「家族からいびきが大きいと言わ…
公開日:2026年05月31日
更新日:2026年05月27日

目次
「CPAPを始めたけれど、できればいつかやめたい」
「毎月の通院や機械の管理が負担に感じる」
「体重が減ってきたので、もうCPAPは必要ないのでは?」
睡眠時無呼吸症候群に対してCPAP療法を行っている方から、このようなご相談をいただくことがあります。
CPAP療法は、睡眠中に空気の圧で気道を保ち、無呼吸や低呼吸を減らす治療です。
中等症から重症の閉塞性睡眠時無呼吸症候群では、非常に重要な治療選択肢です。
一方で、毎晩マスクを装着する必要があるため、患者さんによっては負担を感じることもあります。
結論からお伝えすると、CPAPをやめられるかどうかは、自己判断ではなく、睡眠時無呼吸症候群の状態を再評価して判断することが大切です。
症状が軽くなったように感じても、実際には睡眠中の無呼吸が残っていることがあります。

横浜・中山駅近くの横濱おなか診療所では、消化器内科、内科、肛門外科、内視鏡検査を中心に診療しています。
胃カメラや大腸カメラなどの診療に加えて、肥満、脂肪肝、高血圧、糖尿病、脂質異常症など、生活習慣と関係する内科疾患を診る機会も多くあります。

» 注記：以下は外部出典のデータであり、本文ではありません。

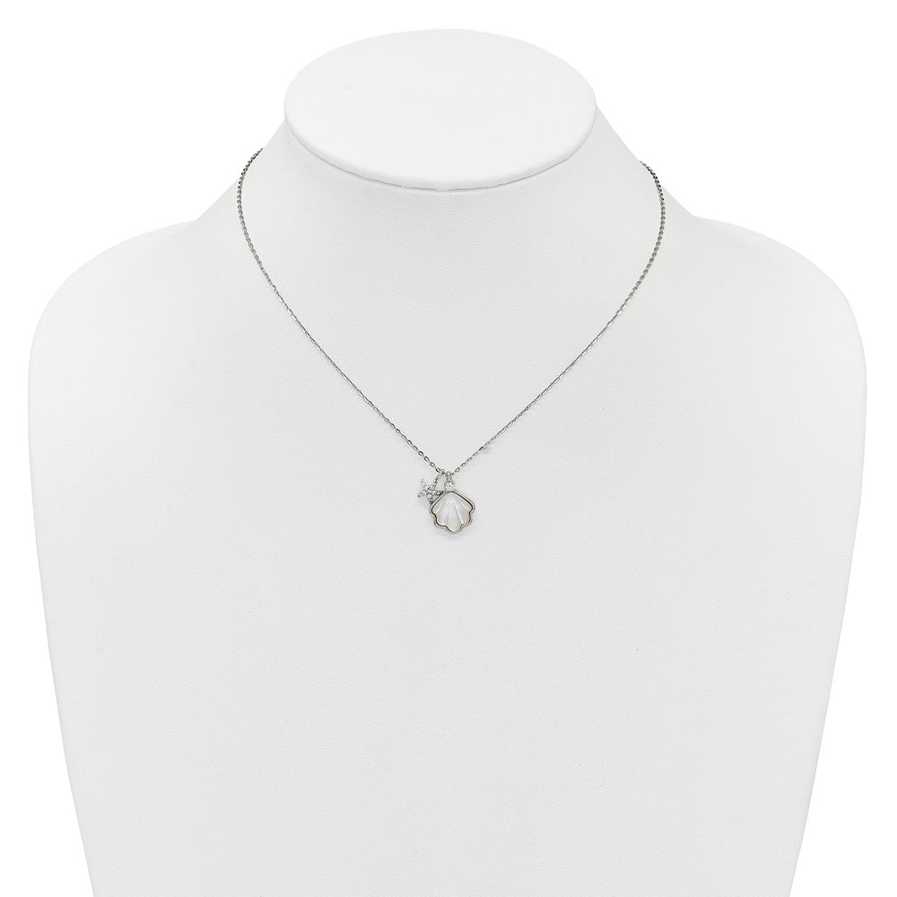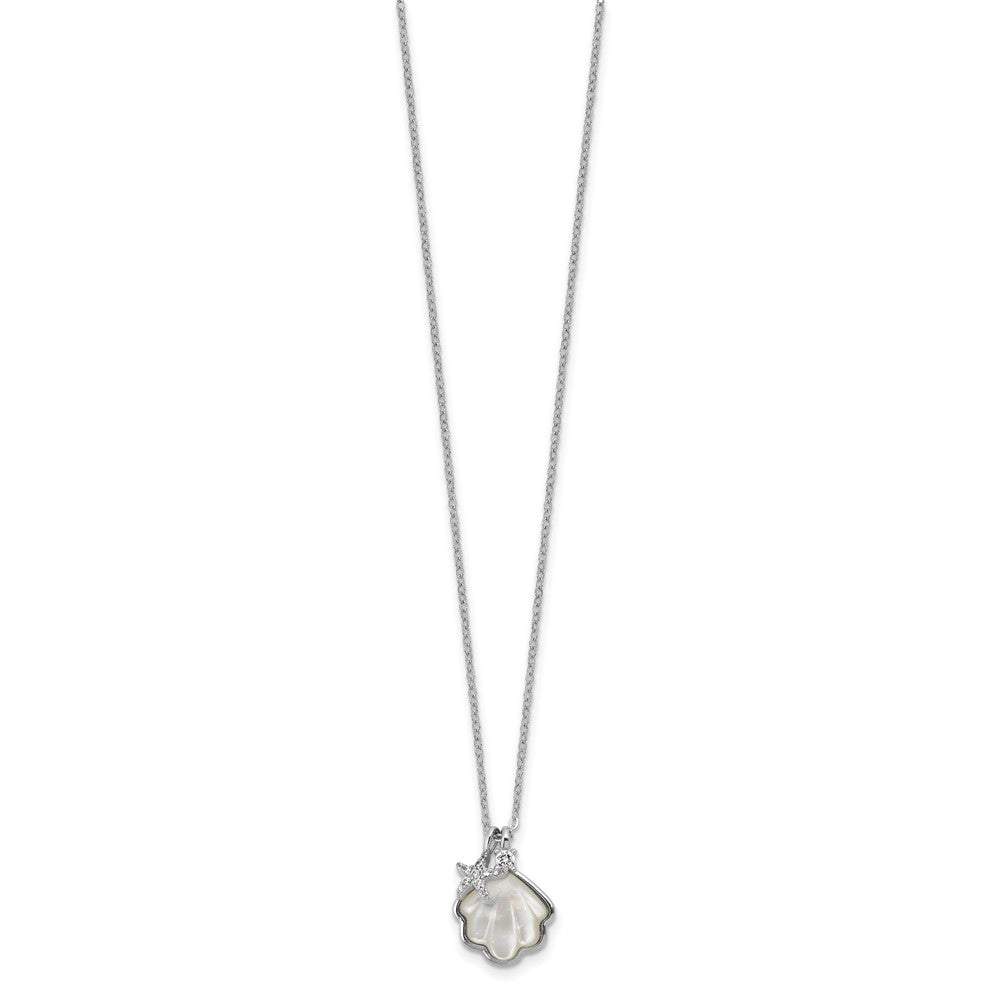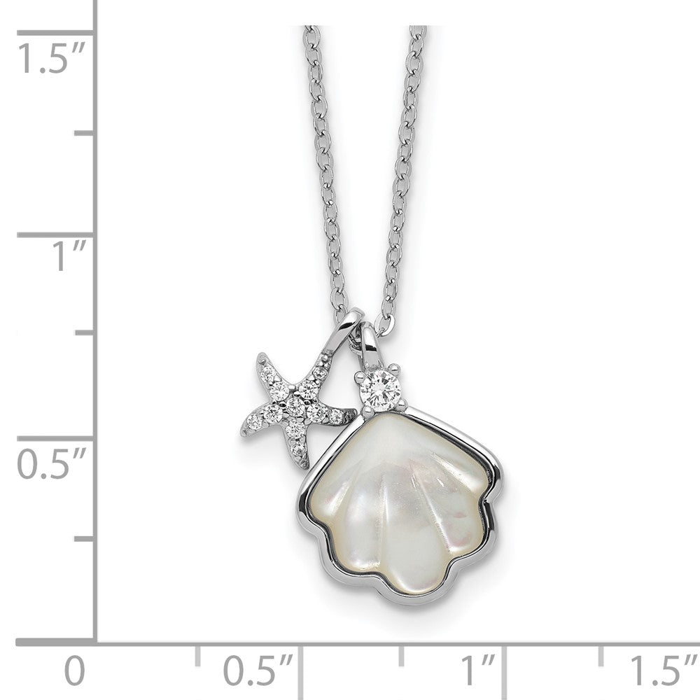 Sterling Silver Rhodium-plated Polished Mother of Pearl Shell and CZ Starfish with Extension Necklace
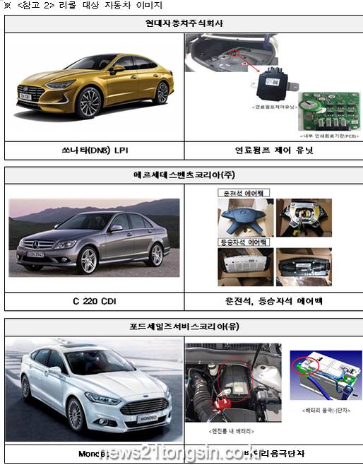 국토교통부(장관 김현미)는 현대자동차(주), 메르세데스-벤츠코리아(주), 포드세일즈서비스코리아(유)에서 수입 판매한 총 15개 차종 35,868대에서 제작결함이 발견되어 시정조치(리콜)한다고 밝혔다.
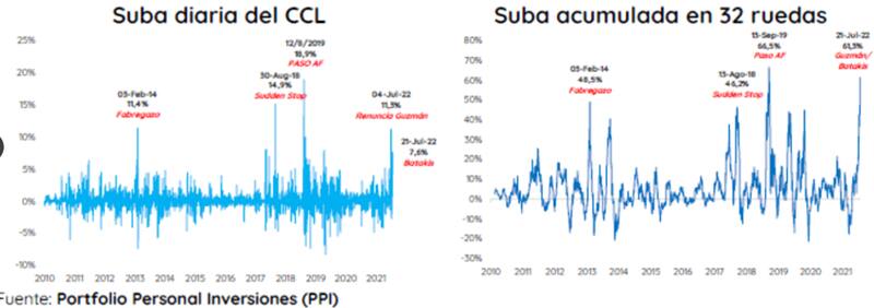 Según datos de Portfolio Personal Inversiones, la suba acumulada del dólar contado con liquidación en las últimas 32 ruedas, de 61,3%, sólo es superada por 66,5% tras el triunfo de Alberto Fernández en las PASO 2019. Así, está a un paso de convertirse en la mayor turbulencia desde la salida de la convertibilidad.
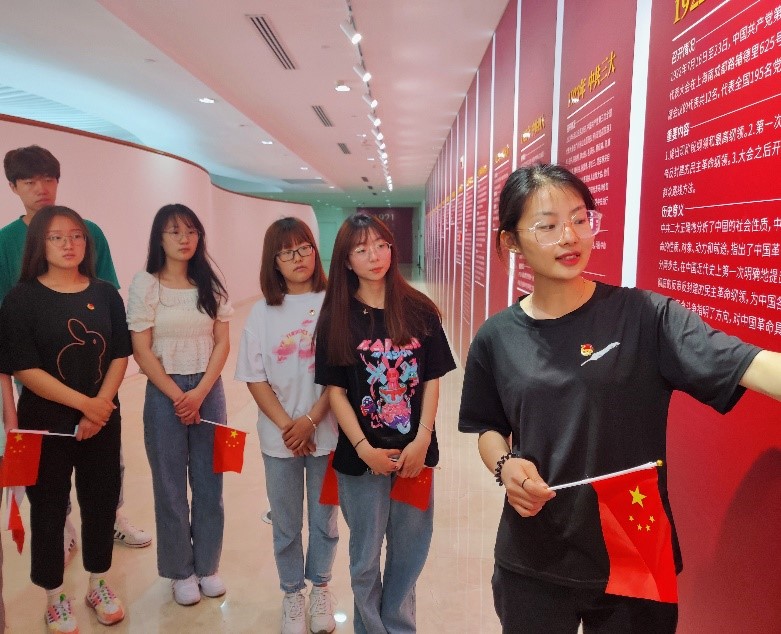 知党史,铭初心。上午九点半,2019级药品生产技术四班团支部全体成员抵达山东省美术馆,走进四楼,一面红色大事件墙以时间为轴展现在同学们眼前,再现了中国共产党一个世纪的伟大进程。在红色大事件墙下,团支书孟祥蕾向同学们介绍中共一大至十九大的主要内容、历史意义,让同学们对党的百年历史有了深刻的理解和认识,引领同学们在即将开始的参观中主动学习作品背后生动鲜活的党史故事,弘扬作品展现的不屈精神。
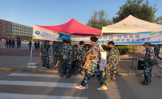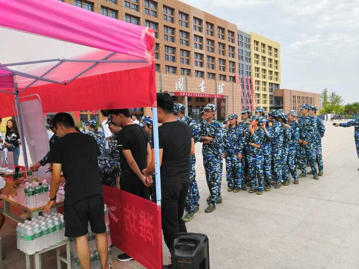 看着烈日下的同学们,作为“过来人”的老师和学长、学姐们也都很心疼,但这大学入学的第一堂必修课是一定不能翘课的。因此,学校学生处团委特意安排社团联合会进行了一次为军训新生免费赠饮的活动,活动地点安排在了新生出入宿舍的必经之地——中央大道北侧,支起帐篷,等待着学弟学妹们的到来。
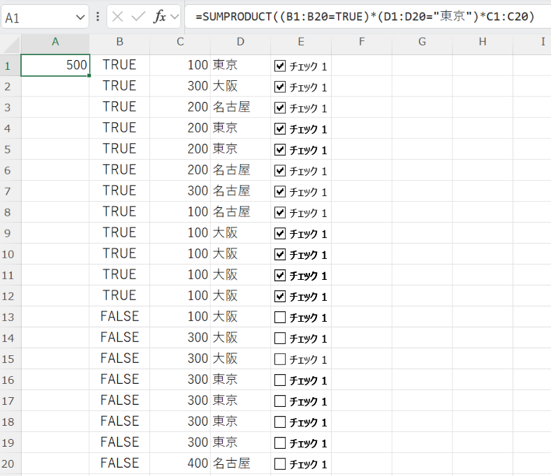 =SUMPRODUCT((B1:B20=TRUE)*(D1:D20=“東京”)*C1:C20)
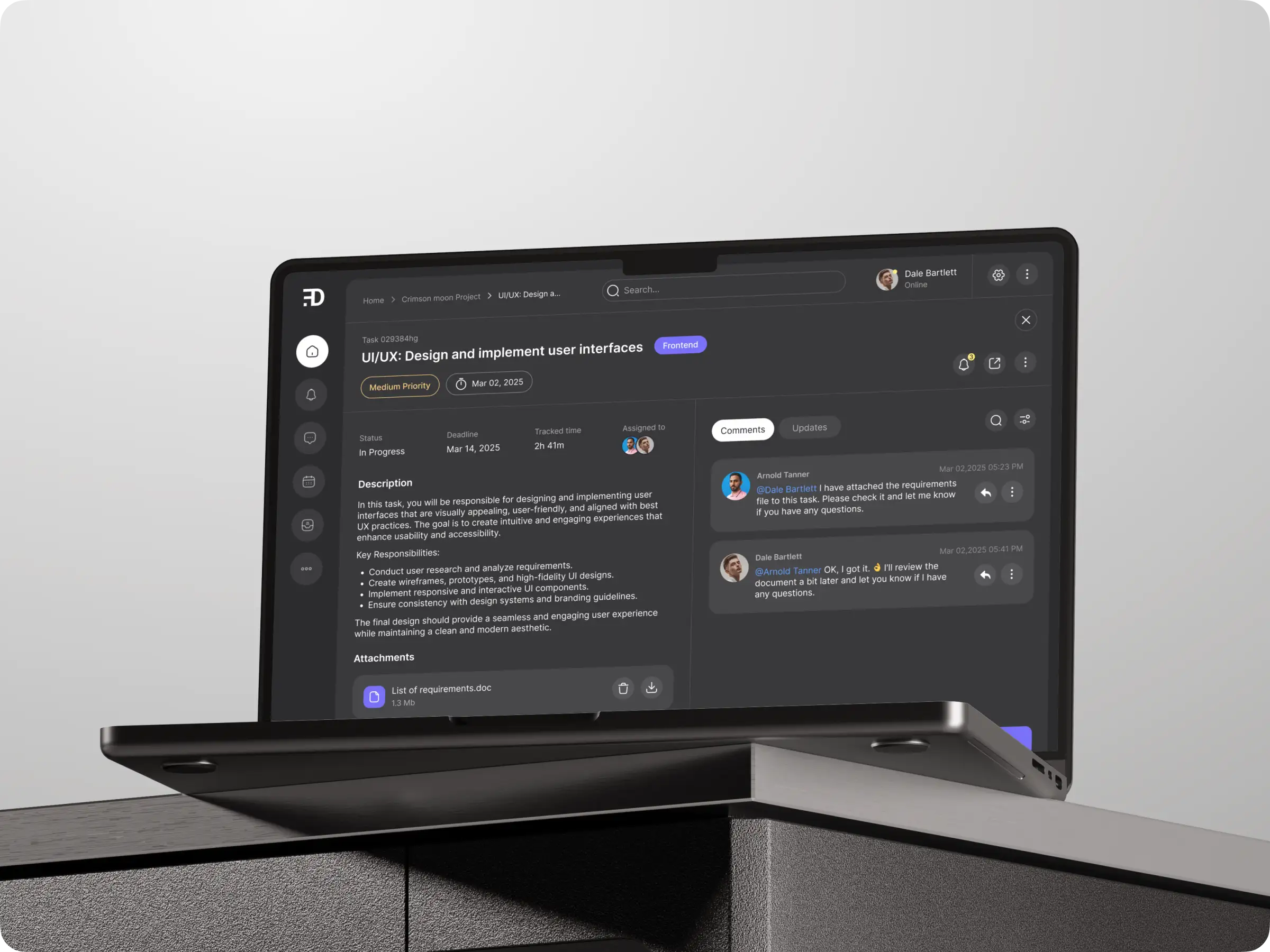 Each task offers space for detailed descriptions, supporting documents, subtasks, and checklists. Users can attach relevant files, add notes or requirements, and break work into actionable steps. Drag-and-drop uploads, integrated file previews, and deadline management tools make all project details not just stored — but easy to update and reference.
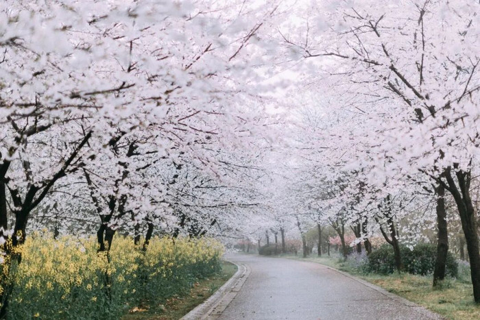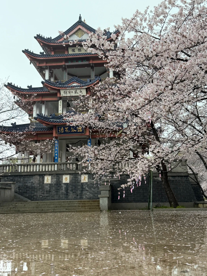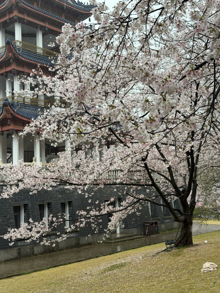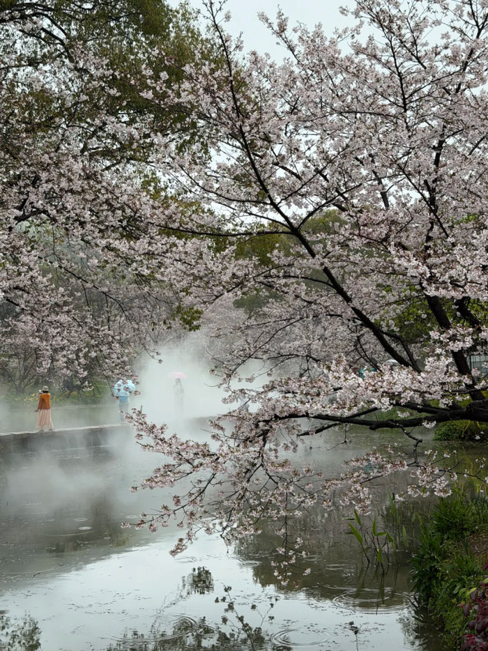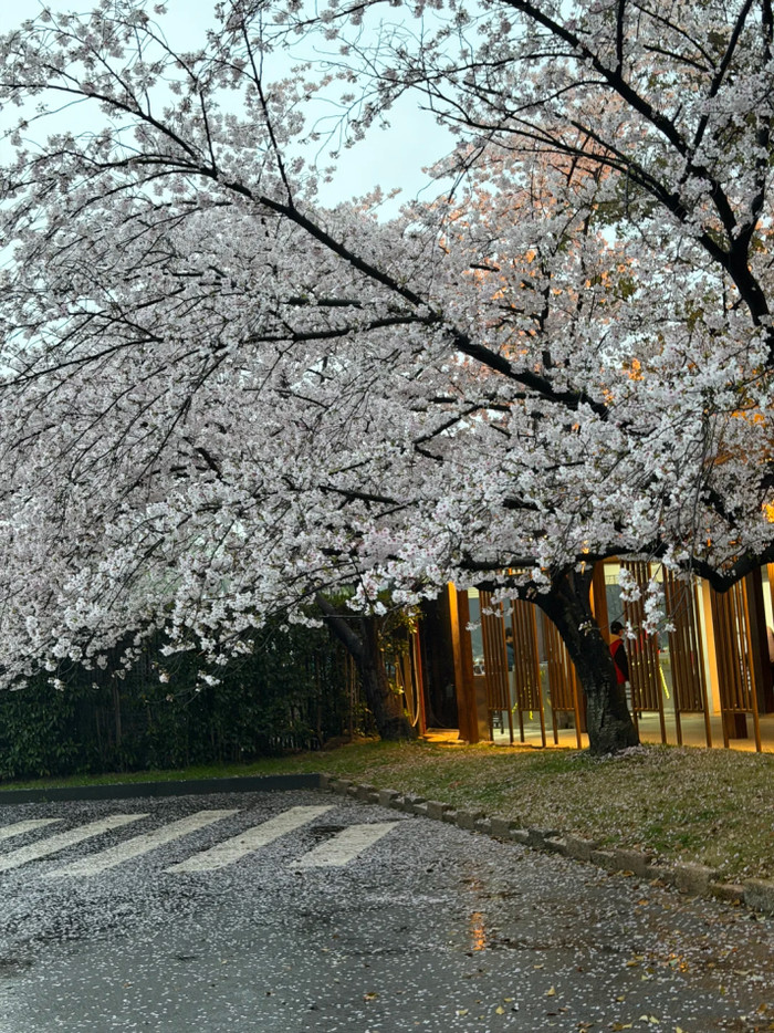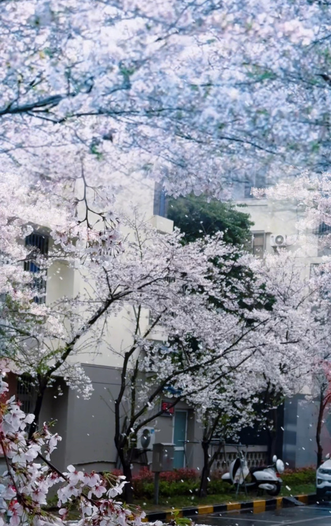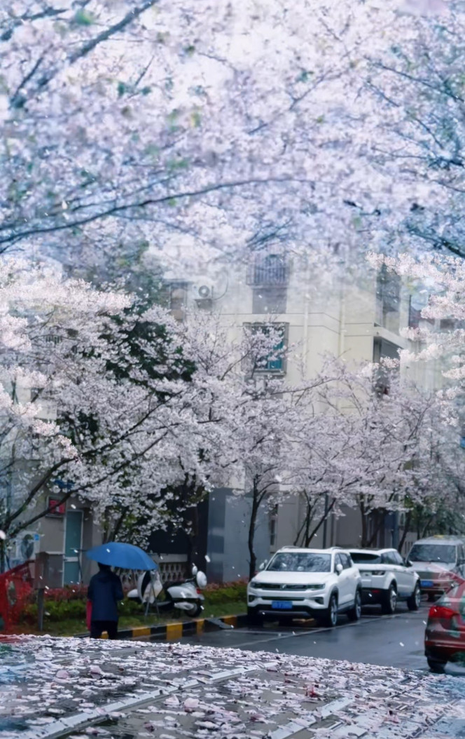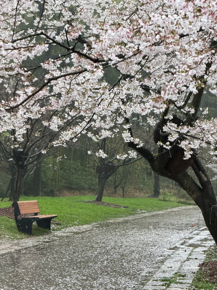 雨天的樱花雪别具韵味
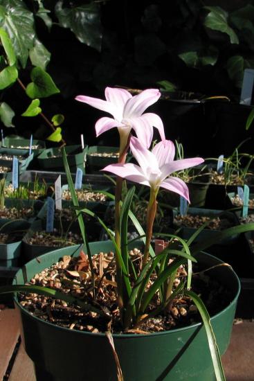 Zephyranthes 'Kathryn' is a hybrid of Z. 'El Cielo' × Z. 'Big Dude' made by Jay Yourch and named after his daughter. In most characteristics it is intermediate between its seed and pollen parents. Like its sister seedlings, its foliage is wider and more frost tolerant than Z. 'El Cielo' and it does not go through a mid-spring semi-dormancy as do most selections of Z. 'Labuffarosea'. These photos were taken in the evening when the flower had begun to close, it opens flat in brighter light. Photos taken May 2009 by Jay Yourch.
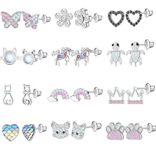 Jagosen 12 Par Sterling Silver Örhängen Set För Barn Initial Skolflickor Kvinnor Allergivänliga CZ Färgglada Katter Örhängen Örhängen Set För Tonårsflickor B, Metall
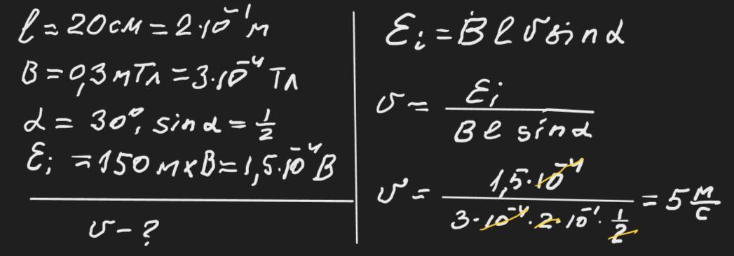Провідник завдовжки 20 см рухається в однорідному магнітному полі індукцією 0.3 мТл так, що кут між напрямком швидкості руху провідника та напрямком магнітної індукції поля становить 30°. Визначте швидкість руху провідника, якщо в ньому виникає ЕРС індукції 150 мкВ
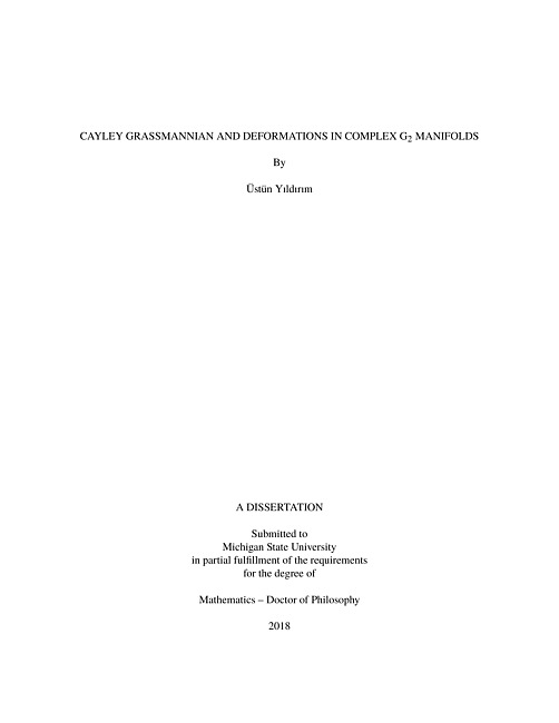 CAYLEY GRASSMANNIAN AND DEFORMATIONS IN COMPLEX G2 MANIFOLDS
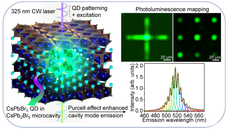 具有共振发光的全介电微结构在紧凑型非相干和相干光发射器件领域有重要应用,它们通常由传统半导体如硅和砷化镓等构成,其应用受到制造方法和发光可调性等因素的制约。金属卤化物钙钛矿具有优异的光电性能,存在较大的组分和光谱自由度。betway网站多少范吉阳教授课题组利用激光在CsPb2Br5微米片内部原位诱导产生具有多纵模自发辐射的CsPbBr3量子点。根据费米黄金法则,激光诱导产生的量子点的腔模自发辐射跃迁几率被提高两个数量级。同时,存在超线性的激发功率依赖关系并且其指数远大于自由空间激子自发辐射指数,表明在较高光子浓度下腔内同时存在受激辐射。这种全钙钛矿功能结构有望在信息技术和低阈值相干光器件中得到应用。
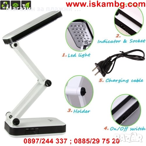 Удобна настолна лампа, която лесно може да сгънете до компактни размери и

当院では、おなかの症状だけでなく、睡眠や生活習慣病を含めた全身の健康を一緒に考えることを大切にしています。
CPAPは「症状を抑える治療」であり、原因が残れば再発することがあります
CPAP療法は、睡眠中に気道が狭くならないように空気の圧で支える治療です。
薬で体質そのものを変える治療ではなく、装着している間に無呼吸を減らす治療です。
そのため、CPAPを外しても無呼吸が出なくなるためには、睡眠時無呼吸症候群の原因や悪化要因が改善している必要があります。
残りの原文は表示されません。